Godzilla in un momento di carineria e affetto

Sì. Sono andato a vedere Godzilla.

Uno perché mi piacciono un botto i film con i mostroni (un giorno di questi vi racconterò di quella volta che ho visto Sharktopus, un film con uno squalo-polipo che con Margherita abbiamo ribattezzato, affettuosamente, lo squalipo o lo squalopo). Due perché altrimenti in sala girano delle cose che è meglio che non ci si pensi. Tre perché arrivata una certa età uno deve fare i conti con se stesso: ti sei beccato tutto il cinema francese quello figo in bianco e nero e l’hai fatto perché faceva curriculum, poi ti sei beccato tutto il cinema sovietico perché in fondo è davvero figo e soprattutto fa curriculum, poi ti sei beccato quello indipendente argentino ma solo della regione subtropicale perché in quel periodo frequentavi un circolo di fanatici di quel regista che fa i film con una sola inquadratura e poi perché faceva curriculum, poi ti sei beccato tutti i film di Visconti perché dovevi preparare una lezione sulla bella inquadratura (lezione che fa curriculum), poi hai scelto che un certo periodo avresti guardato solo i film con Thomas Millian (non fa curriculum ma si scriveva su riviste B), poi hai deciso per i sottotitolati svedesi, poi quelli in olandese (fra l’altro un paio di cose di Mario Bava mai stampate in Italia, così a dimostrazione del fatto che noi ci teniamo stretti i nostri autori). Finchè, dicevo, arrivi ad una certa età e ti dici: vabbè, ma che cazzo (si può dire?): voglio andare a vedere Godzilla (di cui ho una collezione infinita a casa in cui se la prende con tutti: Mothra, Biollante, le Farfalle gemelle del delirio) e voglio stare due ore a bearmi di urla, distruzioni, gente che corre, mostri che saltano e si menano, città rase al suolo e giapponesi incazzati.

Così sono andato a vedere Godzilla. Ecco.
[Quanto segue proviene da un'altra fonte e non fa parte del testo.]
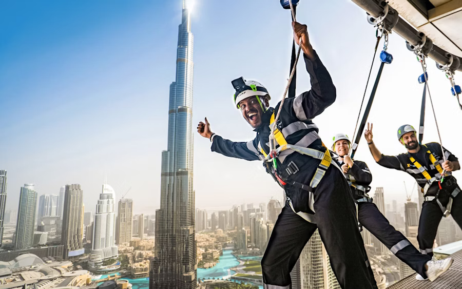 Get your adrenaline fix with the Sky Views Edge Walk in Dubai! 🌆 Walk hands-free at the edge of the Address Sky View Tower, 219.5m above the ground, with no barriers – just breathtaking views of the Burj Khalifa and Downtown Dubai. Safely harnessed, you’ll experience one of the most thrilling attractions in the city.

E ho avuto tutto quello che volevo, anche se magari “ci avessero dato più Godzilla prima dell’ora e mezza” sarebbe stato figo, curriculum o meno. Poi è chiaro: se uno cerca il bel dialogo, la bella scena d’amore o la madre di tutte le storie può anche stare a casa a guardarsi la tribuna elettorale. Perché qui no: non ci sono bei dialoghi (si parla pochissimo, evvai), scene d’amore non ce n’è (a parte una fra due giganteschi mostroni) e la storia, vabbè…diciamo che non è il centro nevralgico dell’operazione. Però, rispetto al precedente Godzilla made in Usa, c’è la sensazione che la faccenda torni alle origini: si riparla di esperimenti nucleari, della errata concezione che l’uomo ha di sé e della propria posizione nella catena alimentare, nell’ordine naturale delle cose e del rapporto, rispettoso, con i mostroni. Che in qualche maniera ci riportano all’arcano invisibile di una divinità apotropaica che si manifesta che ristabilire l’equilibrio: l’uomo fa l’uomo disfa ma, alla fine della fiera, a tutti tocca confrontarsi con il supremo traguardo. Che poi arrivi sotto il piedone cellulitico e granitico di Godzilla, quello è affare hemingwayano (per chi suona la campana, quando e perché). Troppa ciccia, secondo voi? Allora non avete capito nulla del cinema dei mostroni. Urge ripasso. Op op op.